James T. Masteralexis for appellant.
Robert P. Corcoran, with whom Gleeson Corcoran was on brief, for appellee.
This labor dispute presents a collision at the intersection of judicial doctrines that in this instance would operate at cross-purposes: on the one hand the doctrine of complete federal preemption, and on the other hand both the limitations on that doctrine and the independent principle of judicial estoppel. Appellant Joseph Lydon ("Lydon") has sought to resolve his quarrel with his employer, appellee Boston Sand and Gravel Co. ("Boston Sand"), in two successive forums: first by an attempted arbitration between Lydon's union and Boston Sand pursuant to their collective bargaining agreement ("CBA"), and then by Lydon's lawsuit in a Massachusetts state court pursuant to that state's workers' compensation laws.
When Lydon initially filed his grievance under the CBA, leading in turn to the union's invocation of the arbitration remedy, Boston Sand successfully argued before the arbitrator that the parties had already agreed his claims should instead be decided under state statutes. When Lydon then did file suit in a state court, Boston Sand removed the case to federal court, urging that Lydon's state law claims were preempted by federal labor laws.
Finding that the state law claims were indeed preempted, the district court entered a summary judgment of dismissal in favor of Boston Sand. For the reasons stated in this opinion, we hold that while Lydon's claims might ordinarily be preempted, they are not preempted here because of Boston Sand's prior litigating position. We therefore remand this case to the district court with a direction that it be remanded to the state court of origin.
Facts
Boston Sand hired Lydon as a cement truck driver in 1984. In July 1991 Lydon suffered a work-related neck injury that prevented him from working. He received weekly workers' compensation payments until May 1993, when he settled his claim and received a lump sum payment that was projected to cover four years of weekly payments based on Lydon's expected period of disability.
During those four years Lydon was presumed as a matter of Massachusetts law (Mass. Gen. L. ch. 152, § 148) to be unable to work. Nonetheless Lydon did some driving for another concrete company, Sherman Concrete, from fall 1993 to spring 1995.

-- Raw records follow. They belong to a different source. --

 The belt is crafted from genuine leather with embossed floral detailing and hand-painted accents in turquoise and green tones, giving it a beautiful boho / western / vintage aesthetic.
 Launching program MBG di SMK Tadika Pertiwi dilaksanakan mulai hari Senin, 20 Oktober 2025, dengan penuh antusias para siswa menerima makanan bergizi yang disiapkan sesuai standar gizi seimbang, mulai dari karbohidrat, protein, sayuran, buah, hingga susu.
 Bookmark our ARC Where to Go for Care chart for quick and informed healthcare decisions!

In April 1995 Lydon attempted to return to work for Boston Sand. After a physician determined that he was physically able to do so, Lydon met with Vice President David McNeil ("McNeil") and attempted to substantiate his physical ability to return to work by noting his interim job with Sherman Concrete. McNeil informed Lydon that because he had worked for another company for a year and a half, Boston Sand considered Lydon to have quit his job and forfeited his seniority rights. Lydon's union, Teamsters Local 379, then presented a written request for Lydon's reinstatement, which Boston Sand denied.
That request led to an exchange of letters between the union's attorneys and Boston Sand's attorneys. In December 1995 union attorney Paul Kelly ("Kelly") wrote to Boston Sand attorney Robert Corcoran ("Corcoran") that a worker who received a lump sum settlement and was absent from work because of the state statutory presumption of incapacity, but who then wished to return to work, had no remedy under the CBA and that such a claim can arise only under statutory law. Corcoran responded the following month by agreeing with Kelly's assessment but taking it a step further, stating:
It is Boston Sand's position that an injured worker claiming a right of reinstatement following a lump sum settlement can assert such a claim only in court under the statute, and not as a grievance under the contract.

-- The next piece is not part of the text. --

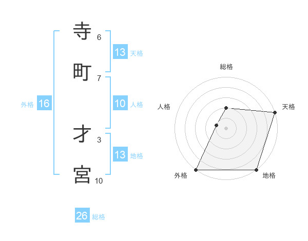 寺町 才宮さんの総格は26画の2点!

Kelly confirmed a few weeks later by writing back that the union was in agreement that "the reinstatement rights of workers who enter into lump sum agreements are not covered by the collective bargaining agreement and, as such, must be asserted in judicial proceedings."
After the May 1997 expiration of the four-year statutory presumption of Lydon's incapacity to work, his private attorney threatened to sue Boston Sand under the state workers' compensation statute. That threat led to negotiations that resulted in Lydon's returning to work on August 11, 1997, but with seniority preference only over those hired in or after July 1997. That minimal preference left Lydon significantly farther down on the seniority list — with an accompanying loss of benefits — than he would have been if he had been reinstated with the seniority rights of his original 1984 date of hire.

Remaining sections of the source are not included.